Fintech, short for financial technology, has been defined by Prof. Patrick Schueffel of the School of Management Fribourg as “a new financial industry that applies technology to improve financial activities”. Simply stated, Fintech comprises industries that use new technology and innovation for delivering financial services to get an edge over competing traditional financial institutions and intermediaries.

 

This is an emerging 21st century financial services sector, boosted by the internet and mobile internet revolution. Fintech, from back office computer-driven services, is emerging as an innovative financial force multiplier. For fintech, sky is the limit.

 

Expanding horizons

 

The 20th century offering of fintech was mobile-only stock trading free app Robinhood for trades and peer-to-peer lending sites, such as Lending Club and Prosper that reduced rates by upping the competition for loans to broad market forces.

 

The year 2020 is set to see plenty of other innovations, including mobile banking, mobile trading on commodities exchanges, digital wallets, like AAPL and mobile wallet systems being developed by Google, called GOOG. Also in the offing are financial advisory and robo-advisor sites that go by the name of LearnVest and Betterment, and all-in-one money management tools, such as Mint and Level.

 

Introducing new technologies

 

Fintech is undergoing a continuous process of upgradation with the introduction of new technologies, such as machine learning, predictive behovioral analytics and data-driven marketing. These are set to not only make financial decisions foolproof, but more focussed too.

 

The advanced technologies incorporated in fintech will be capable of discerning users’ habits to make their spending and saving decisions and help them at arriving at correct decisions. A case in point is Globcoin services that offer multicurrency account and a global prepaid MasterCard to purchase at real currency exchange rate without any mark-up, commission or hidden costs.

 

Vast user base

 

Fintech has been readily adopted by retail banking, corporate banking, private banking, life insurance and non-life insurance.
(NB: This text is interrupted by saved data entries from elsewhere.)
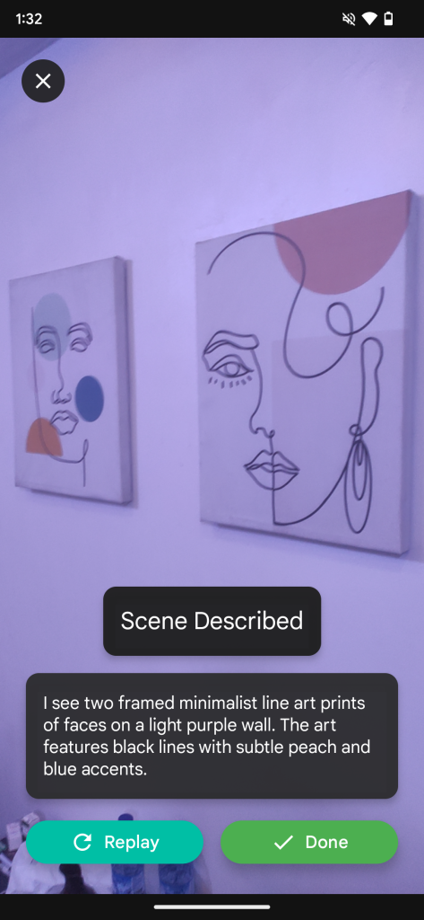 To use the feature, you hold the phone at eye level, camera facing the scene you want described, then tap to start. I first tested it in my office. I asked a colleague to describe the room, then asked the app to do the same. It accurately described the interior, noting tables arranged with chairs beside them and a clear space down the middle, which it called a “walk path.” It sounded impressive, and I tried it again in another part of the building. The description was accurate once more.
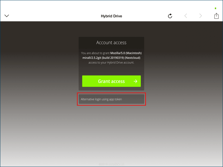 - Switch to the Nextcloud App, enter your login data and click on Grand access. Nextcloud is now connected to your Hybrid Drive in oneclick™. All files you put in the folder "Hybrid App Share" can be accessed within your oneclick™ Windows RDP apps via the drive "Hybrid App Share on oneclick".
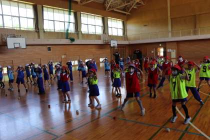 チェッコリダンスを2年生の踊りを見て、一緒にやってみました。

It makes the conduct of certain business processes smooth, such as payments – both digital wallets and peer-to-peer ones, investments that include equity crowdfunding and peer-to-peer lending, risk management insurance, etc.

 

Fintech presently contributes to four categories of users – B2B for banks, B2B business clients, B2C for small businesses and for consumers. This usage is set to increase manifold among these groups, what with mobile banking, more accurate analytics, decentralization of access and increased information and data.

 

Fintech is introducing newer ways of making its financial services seamless to service global populations. This increased technological intervention has helped fill a vacuum that had previously made financial services inaccessible.

 

The ultimate aim of fintech is to make financial services available to all individual and businesses, irrespective of individual’s net worth and the size of business, at affordable costs.

 

Fintech has made life easy for those dealing with financial instruments and this is just the beginning. It has made it easy to access financial tools and services at minimum cost. More innovations are in store for this unparalleled service.